Devoted Heart
"When you walk to the edge of all the light you have and take that first step into the darkness of the unknown, you must believe that one of two things will happen. There will be something solid for you to stand upon or you will be taught to fly."
- Patrick Overton
Getting the chakra seals removed was a transcendent experience. There were so many things he could compare it to that wouldn’t quite do it justice. Like a cicada escaping itself via a looser skin, he felt free in ways he hadn’t known he’d been trapped.
That being said, now that his facilities had been returned to him, there was no way of hiding from the reaction of what needed to be said.
“I don’t know if I want to be a shinobi anymore.”
He avoided eye contact, picking at a loose thread on the hospital cot he was perched on. His feet didn’t reach the floor, and he swung them in an anxiety fueled burst of energy.
Avoiding eye contact couldn’t save him anymore. He no longer had to scrutinize expressions to gleam a fraction of people’s inner dialog. Worse, his sense was now hypersensitive from lack of use, leaving him reeling in the sudden brightness of everything. He experienced the wave of Itachi’s reaction like a kaleidoscope that he couldn’t look away from, each fragment dilating into its entire scope.
(Being injured had been its own kind of sanctuary as much as it had been a cage. He had been expected to be imperfect and had been able to fumble about unknowing of unknowable things. If the sun disappeared there would be a myriad of reasons to miss it, but we would be able to stare into the darkness with full knowledge that that was all it would be.)
First came the shock, of course, laced with confusion and hurt that bloomed into a shamed veil of rejection, loss, worry, and remorse. There was a surprising amount of understanding and jealousy, which shouldn’t be so surprising as Itachi, who was the Uchiha Clan’s heir, would never have had the option to quit. To choose a different path not coated in blood and heaped with corpses. He felt Itachi’s chakra settle into a determined shape and resolved himself to a lecture on commitment and duty.
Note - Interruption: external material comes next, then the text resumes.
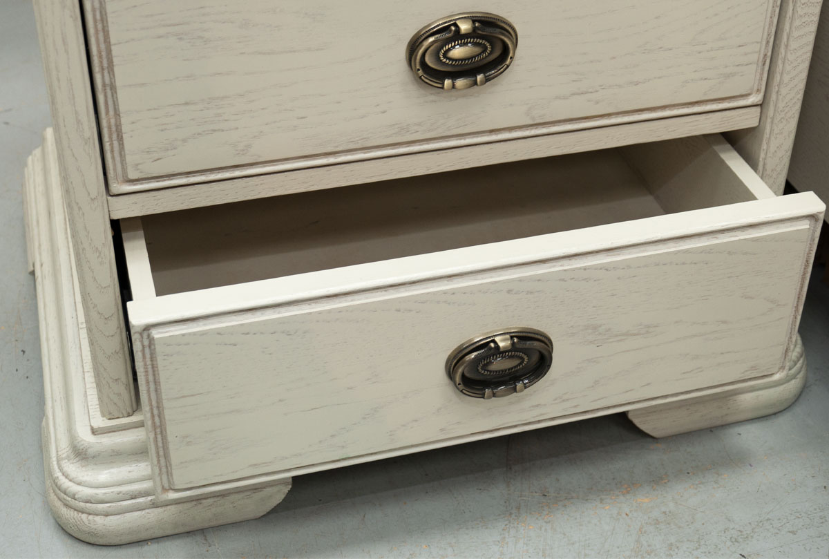 Компактные размеры прикроватной тумбы из коллекции «Лика» (Lika) в цвете «белая эмаль» позволяют разместить ее даже в небольшом пространстве. Тумба может похвастаться оригинальной открытой полочкой и выдвижными ящиками, оснащенными качественной фурнитурой. Благодаря прикроватной тумбе «Лика» из массива и шпона дуба, классический интерьер вашей спальни будет выглядеть более практично и функционально.

So adamant was he to ignore as much sensory input as possible he didn’t notice Itachi had moved forward until it was too late. He flinched at the contact, physical touch being so much more now with his chakra released. Daiki felt hands grip his shoulders and almost slumped at the grounding nature of the touch.
“Otouto. Please look at me.”
It was Daiki’s turn to be shocked, not only at the form of address but at Itachi’s tone. It was almost a whisper, it was so gentle. Devotion like a thousand cranes ghosted over him. There was a brief moment of silence and eye contact as Itachi visibly gathered himself.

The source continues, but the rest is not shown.